The challenge: Come up with their next pizza recipe.
The prize: $1000 in Jules’ pizza!!

Jules’ pizza is served in rectangular slices, letting you get maximum toppings over a cracker-thin crust.  It uses local and organic ingredients that are so flavorful there’s no need for the crowd of toppings you see at traditional pizza places.

Jules already has an abundance of delicious seasonal pizzas, ranging from salad toppings and fresh cheese, to local sausage and bacon.  I therefore wanted to design a pizza that applauded the elevation of flavor in their existing pies, but put in my own personal spin.  Top it with Hubby’s favorite, applewood smoked bacon, and it’s a terrific flavor profile.  If I don’t win, at least we’ve got a kicker of a recipe to use later on!

Asparagus Bacon Pizza
Be generous with the lemon zest; it adds a unique contrast to the cheese and bacon.
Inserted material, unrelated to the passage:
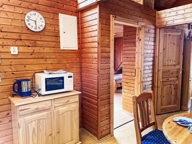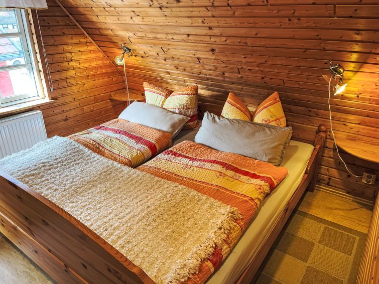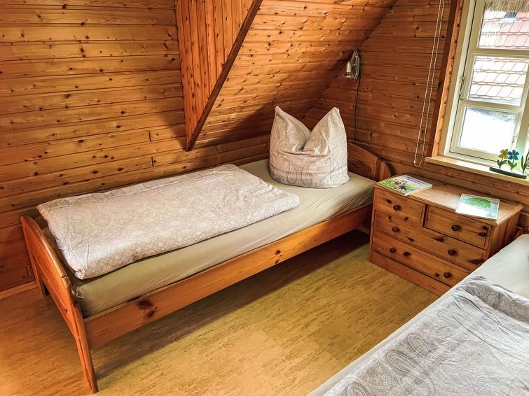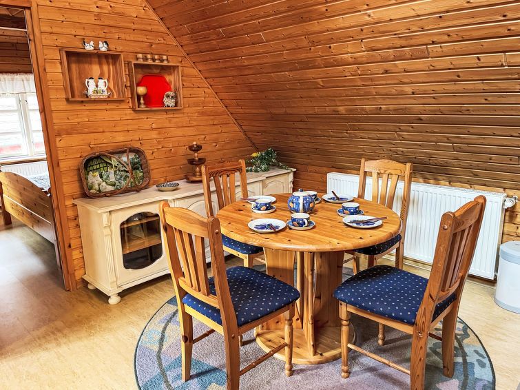 "Brigitte", 3-room apartment 65 m2, on the upper floor. Practical and wooden furniture furnishings: upper floor: living room with sloping ceilings with satellite TV (flat screen), radio. 1 double bedroom with sloping ceilings. 1 room with sloping ceilings with 2 beds. With sloping ceilings kitchen (2 hot plates, mini-oven, toaster, kettle, microwave) with dining table.
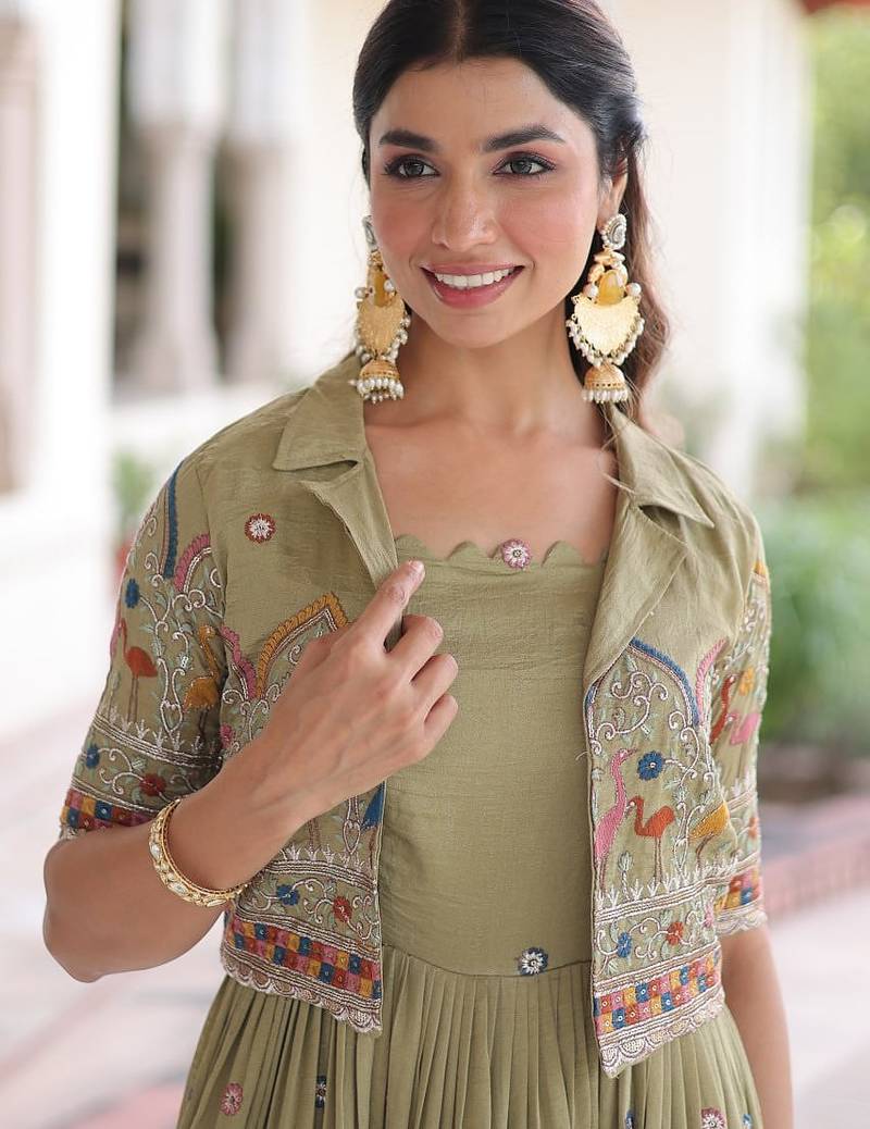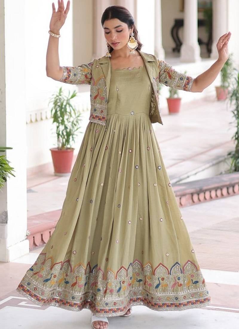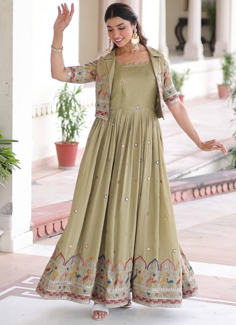 | Product Name | Perrot Color Vichitra Silk Embroidered Gown With Sequins Zari Work, Standard Stitch Partywear Koti Set | |

1 disc pizza dough (we use Peter Reinhart’s recipe for Neo-Neopolitan Pizza)
5 asparagus stalks, trimmed (best in spring)
3 slices applewood smoked bacon
6 oz. mozzarella, shredded (if using fresh pat dry on paper towels)
1/4 cup red onion, thinly sliced
Zest of 1 lemon
1 T balsamic glaze (we used Colavita) or 3 T balsamic vinegar, boiled until reduced to 1 T
Shaved Parmesan

Toss asparagus in 2 teaspoons olive oil and broil for 2 mins (should be very al dente).  Cut into 1 inch pieces and set aside.

Preheat pizza stone to 500 degrees Fahrenheit for at least 30 minutes.

Cook bacon in a skillet until crisp; drain on paper towels and shred into small pieces.  Set aside.

Roll out pizza dough on a lightly floured surface until very thin but not translucent (about a 10″ disc).  Place on a pizza peel or upside-down cookie sheet lightly covered with cornmeal.  Brush olive oil sparingly over the crust if using fresh mozzarella, otherwise just top with mozzarella.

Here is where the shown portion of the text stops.